Exactly what does it take to establish absolute trust in our digital world?
Infineon, makers of a TPM (Trusted Platform Module) used in millions of deployments to compliment security deployments have come under fire recently with the announcement of ROCA, aka "Return of Coppersmith's Attack", also known as CVE-2017-15361, a security advisory exposing a factorization flaw that makes attacks on RSA private keys feasible.
In an effort to boost performance, the library constructs the underlying prime numbers in a way that makes it prone to factorization, which exposes the secret numbers underpinning the security of the technology. As a result; while factorizing a 2048 bit RSA key would normally take millions of CPU hours - the flaw reduces the time required to a fraction of the time.
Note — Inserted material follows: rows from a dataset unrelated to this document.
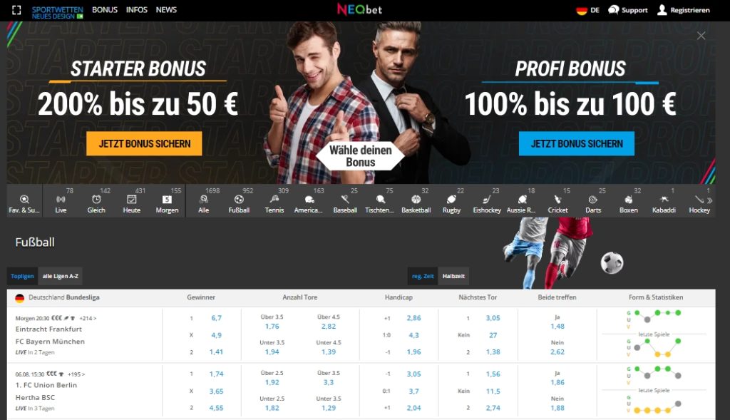 Hier hat NEO.bet einigen Bookies etwas voraus und steht mit den erfahrenen Bookies wie Bet365, bwin, Betway oder Sportingbet auf einer Stufe.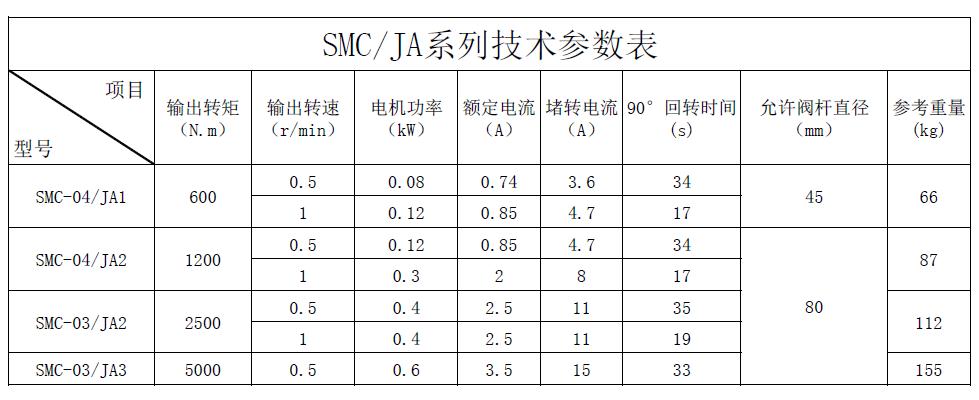 SMC/JA系列閥門電動裝置是部分回轉(zhuǎn)型閥門電動裝置,適用于球閥、蝶閥等類型閥門以及電動風(fēng)門。其結(jié)構(gòu)形式為組合式,由SMC多回轉(zhuǎn)電動裝置與JA部分回轉(zhuǎn)減速裝置相組合而成。該系列產(chǎn)品所適用的環(huán)境條件、溫度、濕度、海拔、防護等級均能達到SMC相應(yīng)規(guī)格產(chǎn)品的水平。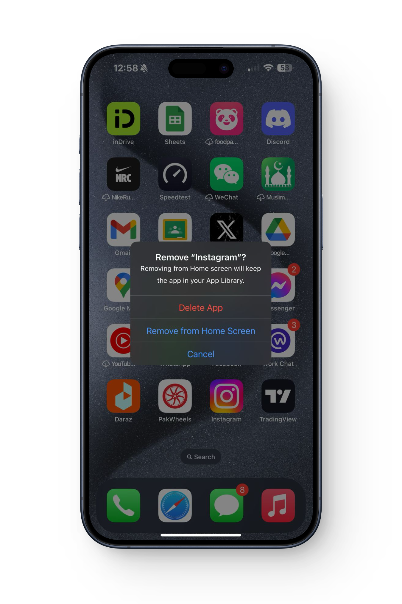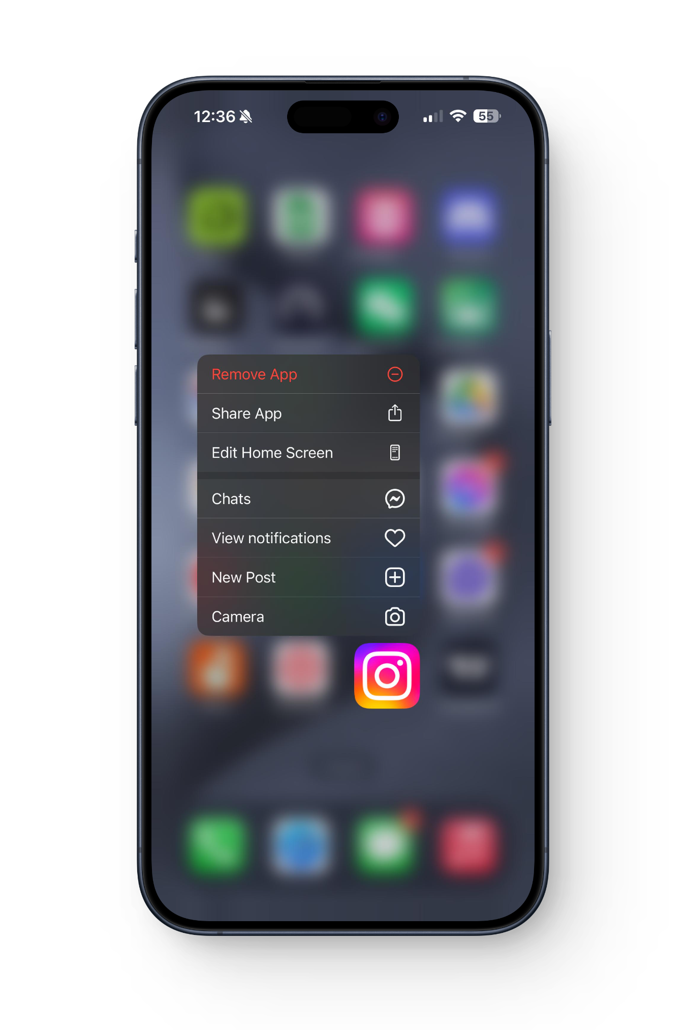 - Long-press on Instagram’s icon, and then tap on Remove App.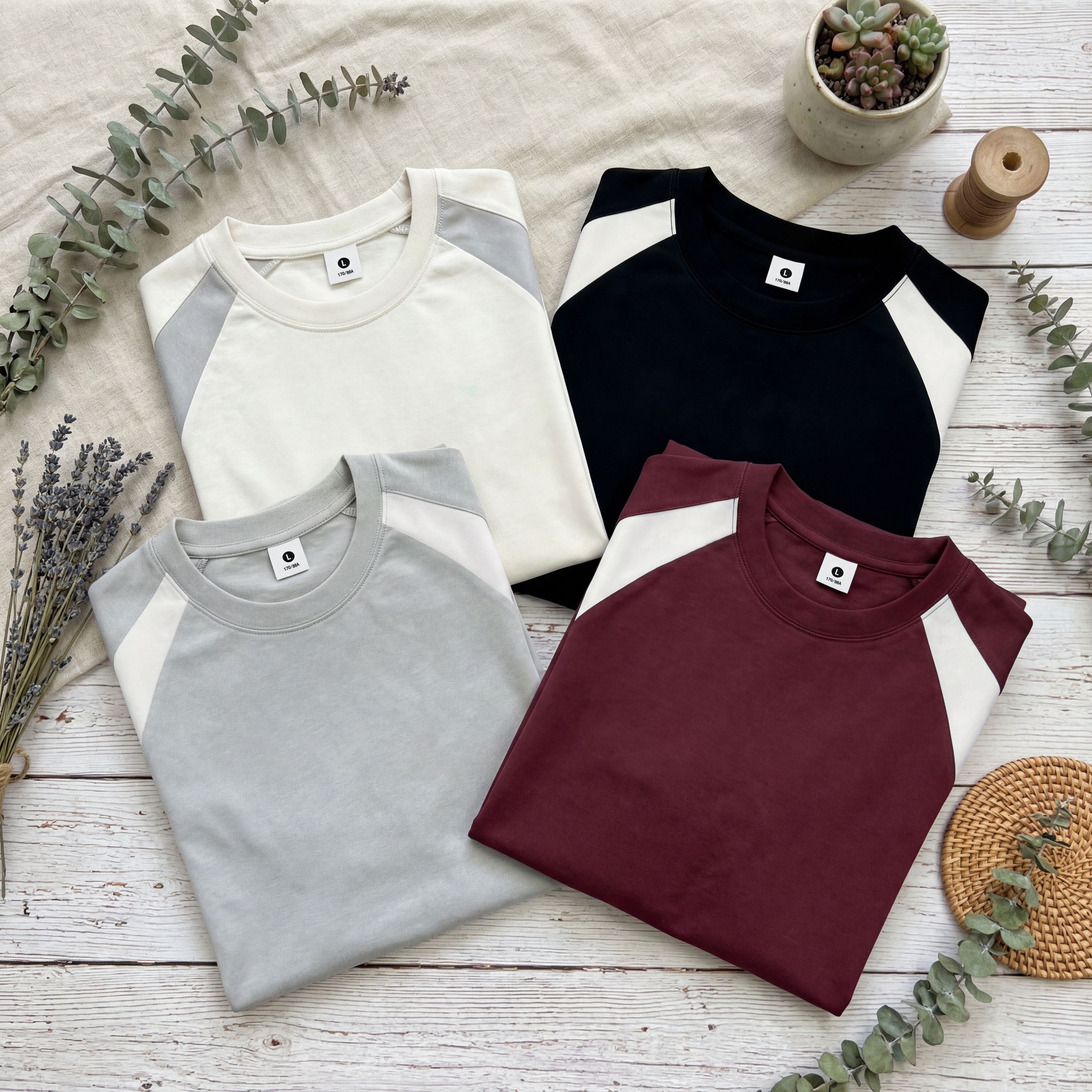 높은 품질 남자 조수 브랜드 7a 수준 항균 패치워크 색상 260 케이블 로라 차가운 센스 편안함 통기성 루즈핏 반팔 V넥 티셔츠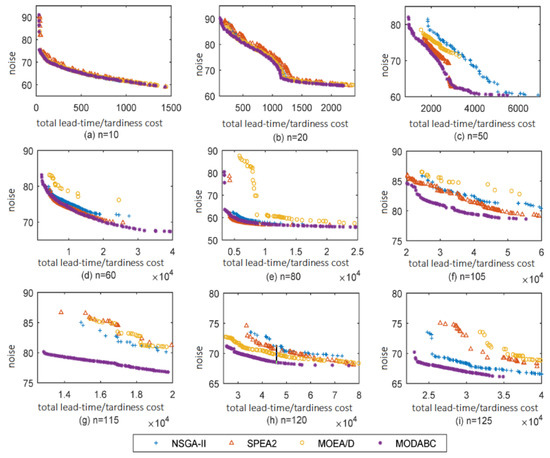The contributions of this paper are summarized as follows: (1) MODABC is proposed with the optimization objectives of simultaneously minimizing lead-time/tardiness cost and job-shop noise pollution emission. (2) A discrete permutation-based two-layer encoding mechanism is designed to generate the initial population using four methods: EDD, SPT, LPT and random generation. Then, three crossover methods, PMX, OX and PBX, are used to perform nectar update operations in the employed bee search phase. Moreover, three neighbourhood structures, swap, reverse order and insertion, are used to improve the onlooker bee search operations. (3) The parameters of the algorithm are calibrated by using the Taguchi method, and the MODABC algorithm is compared with other classical MOEAs to verify its effectiveness in solving the green single-machine multi-objective scheduling problem.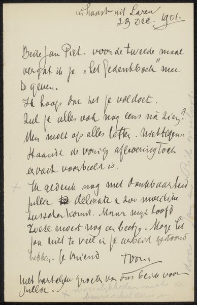 Editor: This work, "Brief aan Philip Zilcken," is possibly from 1896, made by Frits Roosdorp, using pen and ink on paper. It’s a handwritten letter, evoking a sense of intimacy. What do you see in this piece beyond its literal content? Curator: Beyond its surface, the letter becomes a potent artifact, whispering stories about social networks and intellectual exchanges of its time. I'm interested in what the act of handwriting signifies. How does it differ from a typed message, in terms of power dynamics, intention, and accessibility, specifically within the cultural moment in which this was created? Editor: That's interesting. I hadn't considered the implications of handwriting itself. Is it a statement in its own right? Curator: Exactly! The deliberate choice of handwriting speaks volumes, possibly reflecting an era valuing personal touch, direct communication and unique expressions before mass production standardized communication. Who were Roosdorp and Zilcken in relation to each other? Was there a hierarchy, perhaps gendered or class-based, influencing the form and content of this "brief"? What theories about social performance might be relevant here? Editor: So, examining their relationship and social context could unlock a deeper understanding. The Dutch Golden Age was so dominated by wealthy elites... I guess that wealth comes with unique ways of showing one's expression. Curator: Indeed. Let's consider how their status afforded them the luxury of time and materials for handwritten correspondence, and then how the exchange further solidified their place in a particular social strata. This one letter can tell us much about who held the power in those days! Editor: I never considered a letter to be a possible tool for studying social power. Curator: Texts like this open a portal to examining marginalized voices absent from dominant narratives. These letters act like pieces of evidence, providing insight into a past still relevant today. Editor: I will be sure to think more carefully on all the layers contained in letters! Thanks.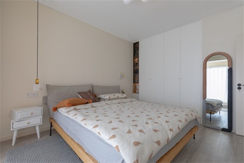 主臥上利用淺黃色的暖調(diào)背景墻面搭配淺灰色的床品溫柔又簡約,沿墻面是嵌入墻體的衣柜沒有突出的突兀感更增加空間利用率顯得寬敞。

The flaw exists in the Infineon-developed RSA Library (v1.02.013), in the algorithm responsible for the generation of RSA primes. It allows the keys to be created with smart cards rather than with general-purpose computers, which are easier to manipulate and hence aren't suitable for high-security uses. The library runs on hardware Infineon sells to a wide range of manufacturers using Infineon smart card chips and TPMs, which is then sold onto end users.
Researchers have successfully identified weak keys and have released a vulnerability test suite and publication (blog post) that goes into details eventually showing typical time complexity and cost requirements. They identified that RSA keys with lengths of 512, 1024 and 2048 bits would cost $0.06, $40-80 and $20k-40k respectively to factorize. Other encryption methods, such as ECC (Elliptic Curve Cryptography) are not affected by this vulnerability.
While the keys are much weaker than they should be; in perspective, it still takes significant resources and cost to factorize - for example, it would take just under half a month to factorize a 2048 bit RSA key on a 1,000-instance cloud deployment such as Amazon AWS. Currently; over 760,000 keys have been identified as vulnerable, but there could be many more.
Manufacturers; such as HP, Lenovo, Fujitsu, WinMagic, Microsoft and Google are scrambling to push out a security updates warning users of the weaknesses and recommending applying firmware updates where available to individuals and organizations. A number of embedded and IoT deployments are also known to be affected by the vulnerability.
The vulnerability was discovered by Slovak and Czech security researchers from the Centre for Research on Cryptography and Security at Masaryk University, Czech Republic; Enigma Bridge Ltd, Cambridge, UK; and Ca' Foscari University of Venice, Italy.